4. Пульс-оксиметрия. Насыщение крови кислородом можно определить неинвазивным способом, используя эффект светопоглощения. Датчик прибора (фотоэлемент) прикладывают к пальцу, мочке уха или носу. Благодаря своей простоте метод широко используется для диагностики гипоксемии.

5. Газы артериальной крови. Регулярное измерение pH, pCO2 и pO2 артериальной крови дает наиболее полное представление о вентиляции, оксигенации и кислотно-щелочном равновесии. Особенно важно проводить эти измерения при любых резких изменениях дыхания.

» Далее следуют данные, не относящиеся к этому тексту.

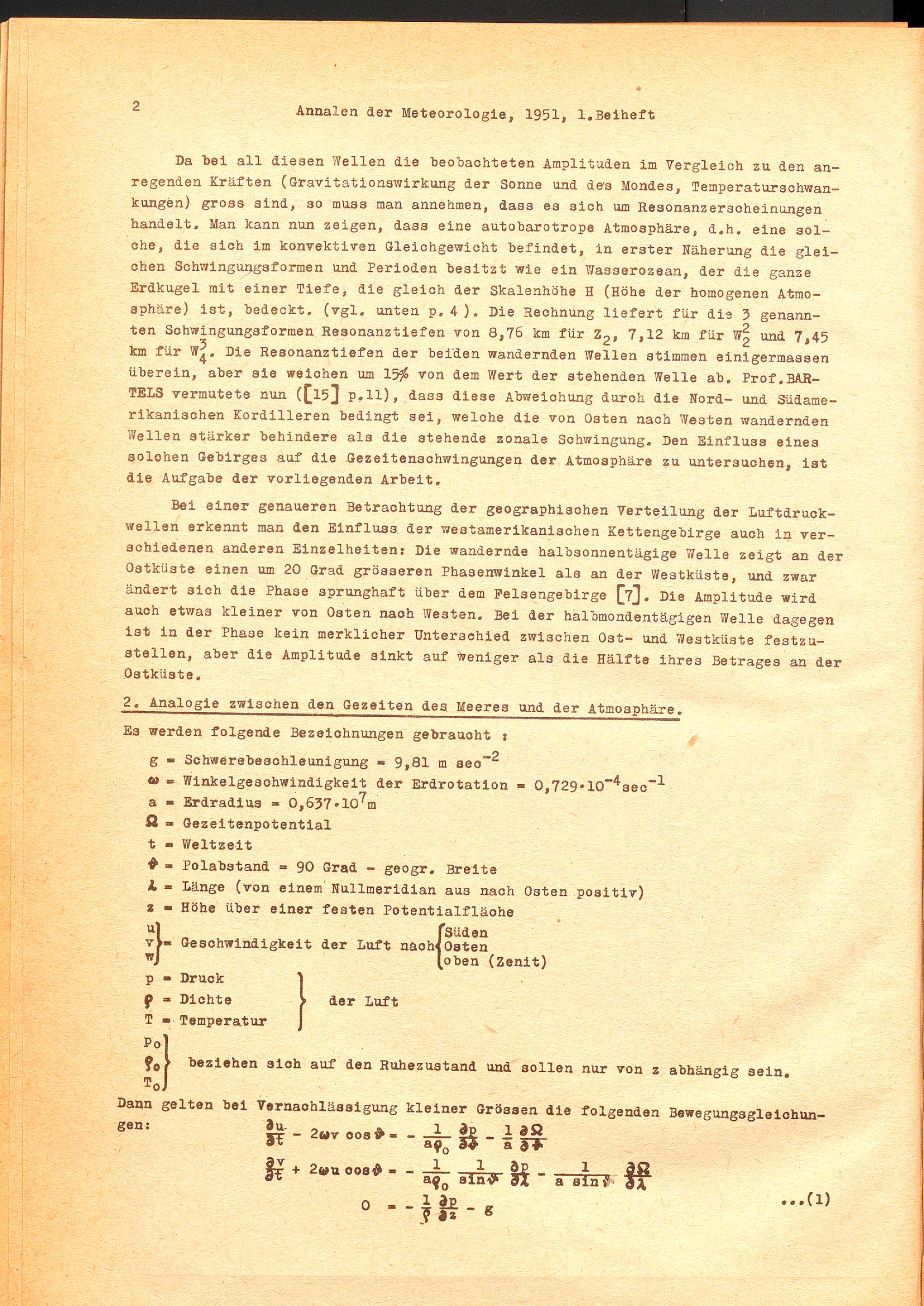 Theorie der gezeitenartigen Luftschwingungen als Eigenwertproblem / von Walter Kertz, Göttingen

Б. Обезболивание. Боль, которую испытывают больные после травм и хирургических вмешательств на брюшной и грудной полости, затрудняет дыхание и может послужить причиной ателектаза или пневмонии. Назначение обезболивающих средств — наркотических анальгетиков и НПВС — способствует появлению продуктивного кашля, облегчает дыхательные движения и ускоряет реабилитацию больного (позволяет двигаться в постели, начать ходить). Следует помнить, что передозировка наркотических анальгетиков вызывает сонливость и угнетение дыхательного центра. Для правильного выбора дозы нужно регулярно осматривать больного.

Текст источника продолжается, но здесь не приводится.